## DATASET SECTION
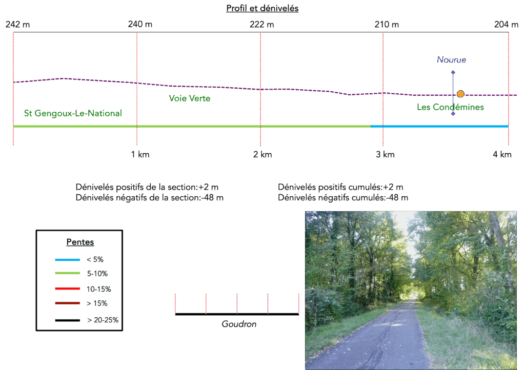 Au bord du ruisseau, la piste longe la petite gare des Condamines, bâtisse silencieuse et sans avenir, sans doute abandonnée pour l’éternité. Sa façade fermée, rongée par le temps, évoque encore les haltes d’autrefois, où quelques voyageurs pressés descendaient en hâte sur le quai.
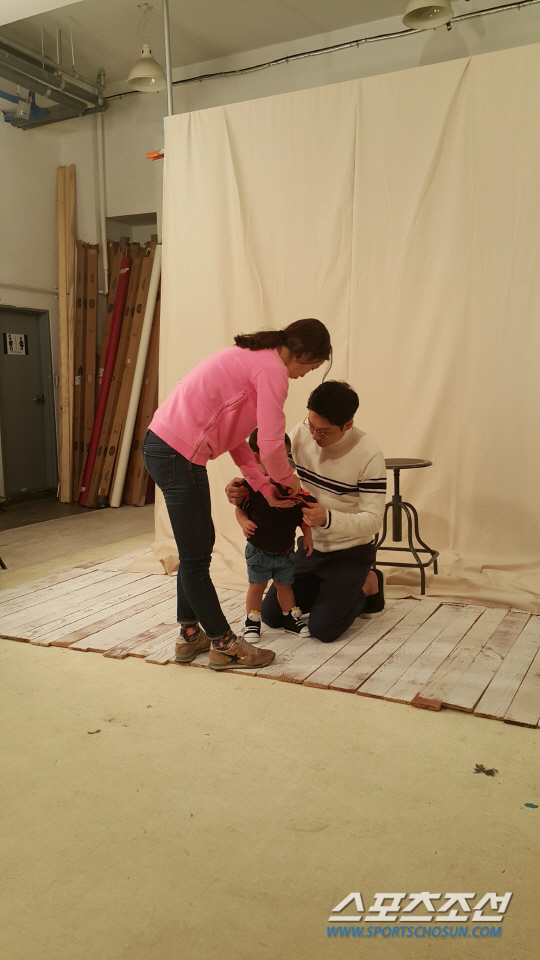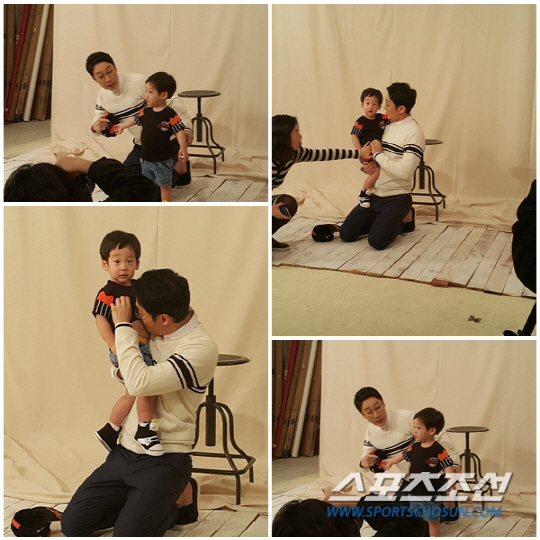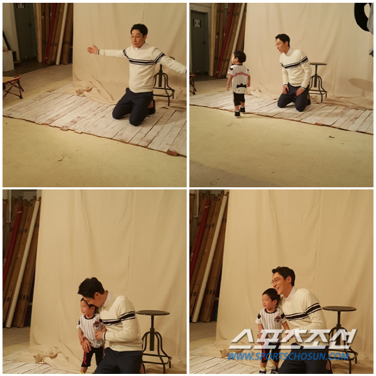본격적인 촬영이 들어갔네요. 서준이부터 가자! 아빠가 양팔 벌려 "서준아"를 불러봅니다. 호기심 많은 서준이 이곳저곳 둘러보느라 정신 없네요. 드디어 휘재 아빠한테 잡혔습니다. 아빠와 아들이 환하게 웃는 모습이 훈훈합니다. 보는 스태프들도 절로 미소가 드리워집니다.
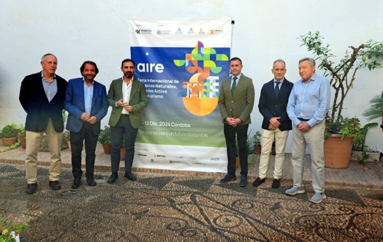 Esta mañana se ha llevado a cabo la presentación de AIRE 24, la Feria Internacional de Espacios Naturales, Turismo Activo y Ecoturismo, en la Diputación de Córdoba. El evento fue liderado por Vicente Sánchez Migallón, director técnico de POMONA KEEPERS, la empresa organizadora de AIRE; José Enrique Borrallo Romero, director general de Espacios Naturales Protegidos de la Junta de Andalucía, Consejería de Medio Ambiente, Cambio Climático y Economía Azul; Rafael Martínez Ruedas, delegado territorial de Sostenibilidad, Medio Ambiente y Economía Azul de la Junta de Andalucía en Córdoba; Félix Romero, presidente de IPRODECO y Vicepresidente tercero de la Diputación de Córdoba; Daniel García-Ibarrola, concejal de Turismo, Sostenibilidad y Medio Ambiente del Ayuntamiento de Córdoba; y Arturo Crosby, director de conferencias de AIRE.
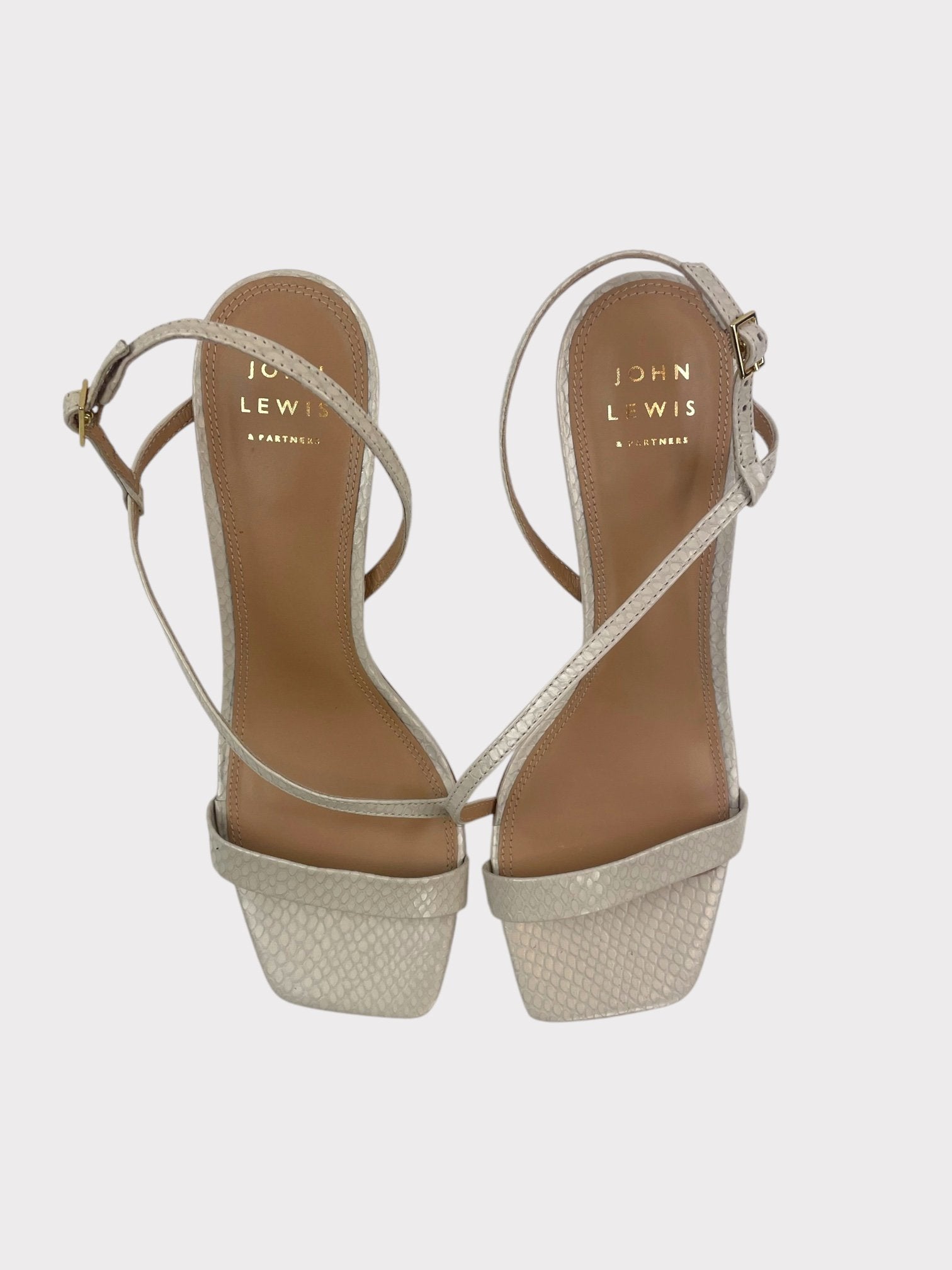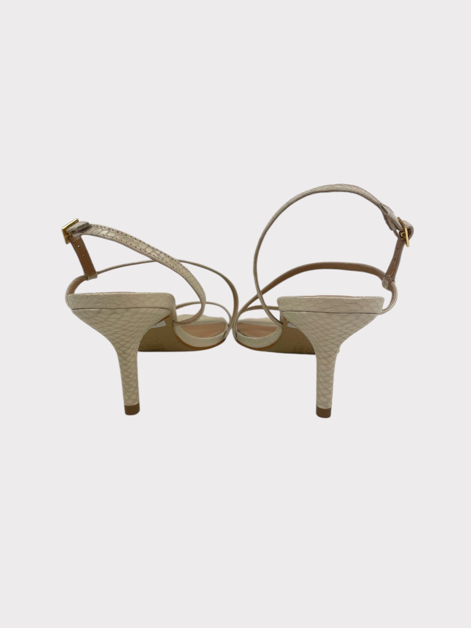 Cream faux snakeskin sandals with narrow straps and kitten heel

## EXERCISE DESCRIPTION
The expected answer is the whole listing above, copied exactly, with images excluded.

## COMPLETED TASK
 Au bord du ruisseau, la piste longe la petite gare des Condamines, bâtisse silencieuse et sans avenir, sans doute abandonnée pour l’éternité. Sa façade fermée, rongée par le temps, évoque encore les haltes d’autrefois, où quelques voyageurs pressés descendaient en hâte sur le quai.
본격적인 촬영이 들어갔네요. 서준이부터 가자! 아빠가 양팔 벌려 "서준아"를 불러봅니다. 호기심 많은 서준이 이곳저곳 둘러보느라 정신 없네요. 드디어 휘재 아빠한테 잡혔습니다. 아빠와 아들이 환하게 웃는 모습이 훈훈합니다. 보는 스태프들도 절로 미소가 드리워집니다.
 Esta mañana se ha llevado a cabo la presentación de AIRE 24, la Feria Internacional de Espacios Naturales, Turismo Activo y Ecoturismo, en la Diputación de Córdoba. El evento fue liderado por Vicente Sánchez Migallón, director técnico de POMONA KEEPERS, la empresa organizadora de AIRE; José Enrique Borrallo Romero, director general de Espacios Naturales Protegidos de la Junta de Andalucía, Consejería de Medio Ambiente, Cambio Climático y Economía Azul; Rafael Martínez Ruedas, delegado territorial de Sostenibilidad, Medio Ambiente y Economía Azul de la Junta de Andalucía en Córdoba; Félix Romero, presidente de IPRODECO y Vicepresidente tercero de la Diputación de Córdoba; Daniel García-Ibarrola, concejal de Turismo, Sostenibilidad y Medio Ambiente del Ayuntamiento de Córdoba; y Arturo Crosby, director de conferencias de AIRE.
 Cream faux snakeskin sandals with narrow straps and kitten heel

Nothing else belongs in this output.